DATASET ▸
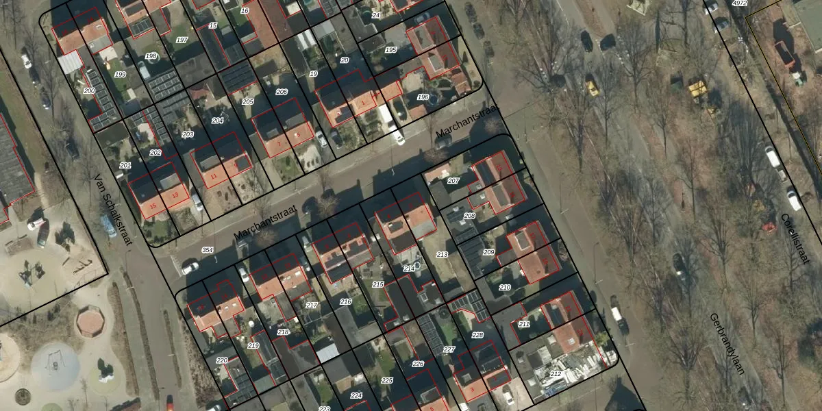 Het perceel waarop Marchantstraat 2 staat heeft een oppervlakte van 267 m². Dit is een middelgroot perceel. De perceeloppervlakte wordt geregistreerd door het Kadaster. Gedetailleerde informatie over de maten van dit perceel kunt u vinden in het rapport Kadastrale kaart met maatvoering van Marchantstraat 2.
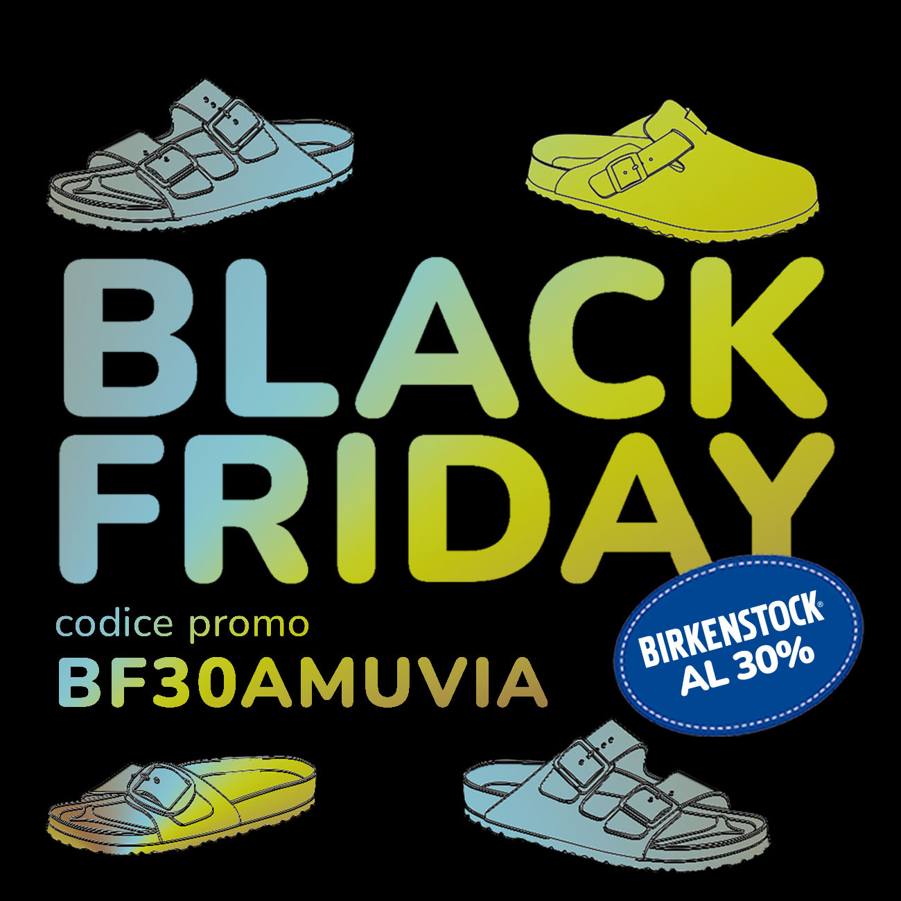 -30% sui modelli Birkenstock selezionati con il codice BF30AMUVIA.
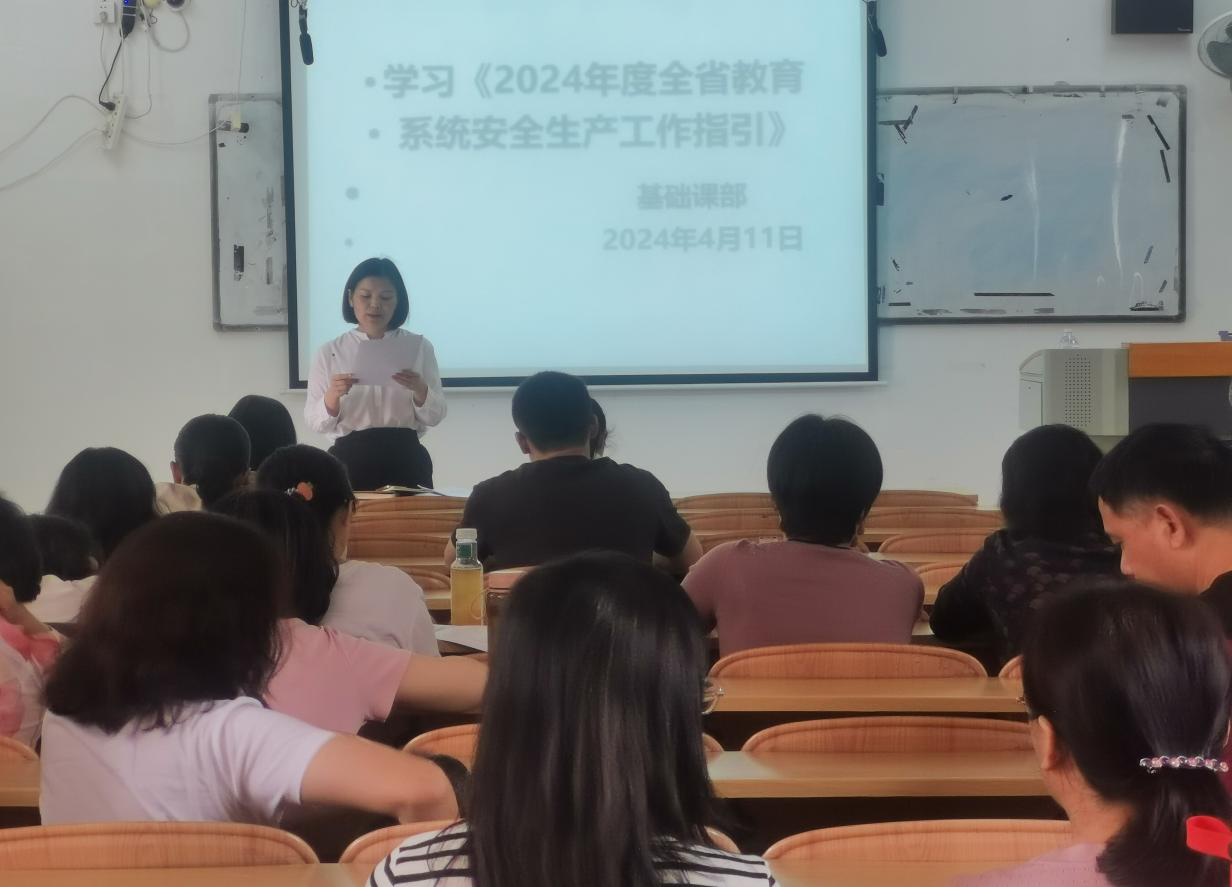 为认真贯彻落实习近平总书记关于安全生产重要论述精神,根据学校近期关于安全工作的部署和要求,基础课部在北校区2栋302召开安全工作会议。会议由基础课部主任卢火艳主持,全体教职工参加会议。
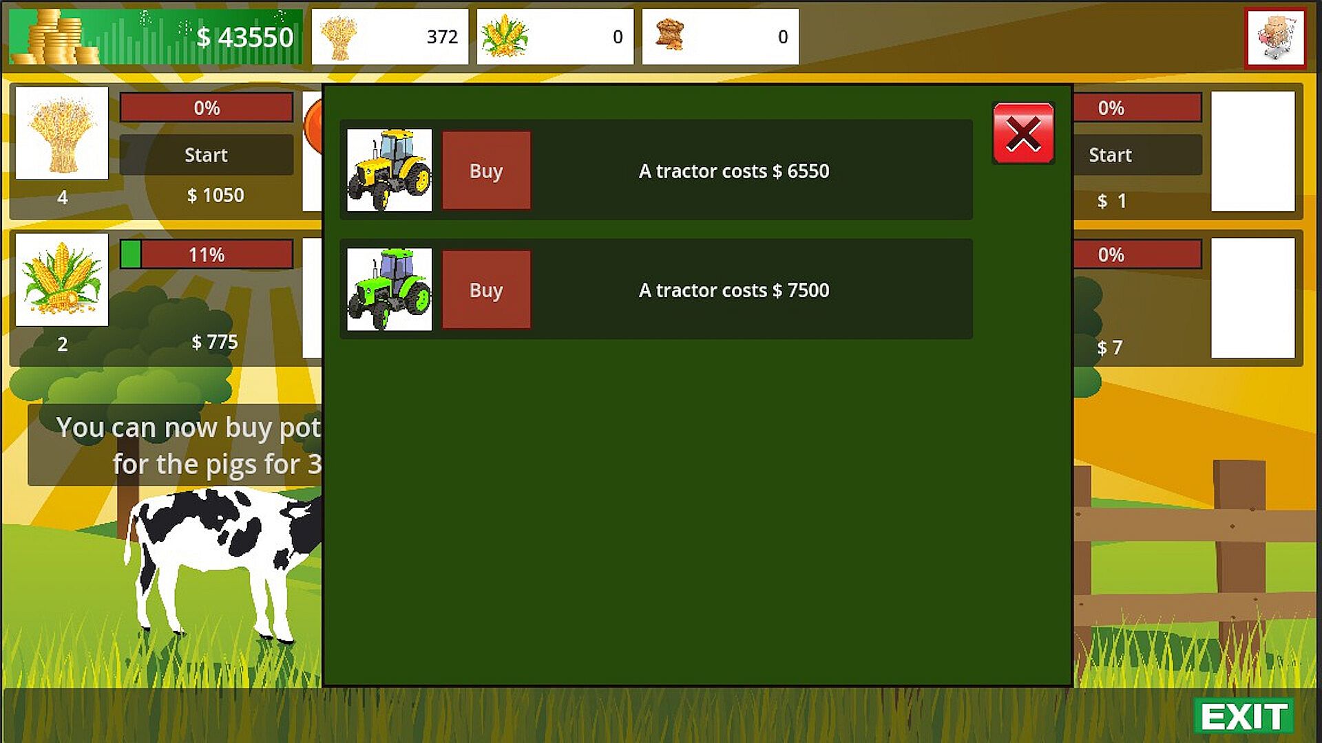 In Idle Farm Tycoon, you start with a small plot of land and a few basic crops. As you progress, you can plant different types of crops, such as wheat, corn, and vegetables, and sell them for profit. The income you generate can be invested in upgrades to your farm, such as better equipment, more land, and hiring workers to automatically complete tasks for you.
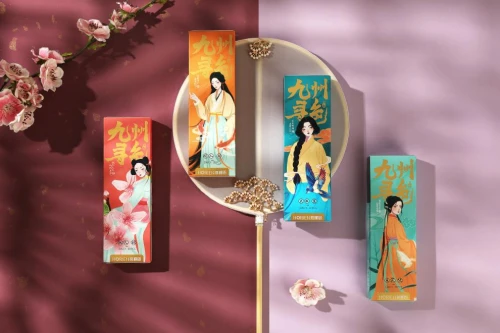 以《诗经》名篇为意象原型,将其中提及的色调作为彩瞳主颜色,并将诗中描绘的人物感觉对应到彩瞳给人带来的风格上,如将“窈窕淑女”、“蒹葭苍苍”、“桃之夭夭”、“美目盼兮”具象化,再结合当下流行的国潮绘画画风,推出了“九州寻色·诗经”系列。

TASK ITEM ▸ Output the full set of records above without changing a word, and drop the images.

ANSWER ▸
 Het perceel waarop Marchantstraat 2 staat heeft een oppervlakte van 267 m². Dit is een middelgroot perceel. De perceeloppervlakte wordt geregistreerd door het Kadaster. Gedetailleerde informatie over de maten van dit perceel kunt u vinden in het rapport Kadastrale kaart met maatvoering van Marchantstraat 2.
 -30% sui modelli Birkenstock selezionati con il codice BF30AMUVIA.
 为认真贯彻落实习近平总书记关于安全生产重要论述精神,根据学校近期关于安全工作的部署和要求,基础课部在北校区2栋302召开安全工作会议。会议由基础课部主任卢火艳主持,全体教职工参加会议。
 In Idle Farm Tycoon, you start with a small plot of land and a few basic crops. As you progress, you can plant different types of crops, such as wheat, corn, and vegetables, and sell them for profit. The income you generate can be invested in upgrades to your farm, such as better equipment, more land, and hiring workers to automatically complete tasks for you.
 以《诗经》名篇为意象原型,将其中提及的色调作为彩瞳主颜色,并将诗中描绘的人物感觉对应到彩瞳给人带来的风格上,如将“窈窕淑女”、“蒹葭苍苍”、“桃之夭夭”、“美目盼兮”具象化,再结合当下流行的国潮绘画画风,推出了“九州寻色·诗经”系列。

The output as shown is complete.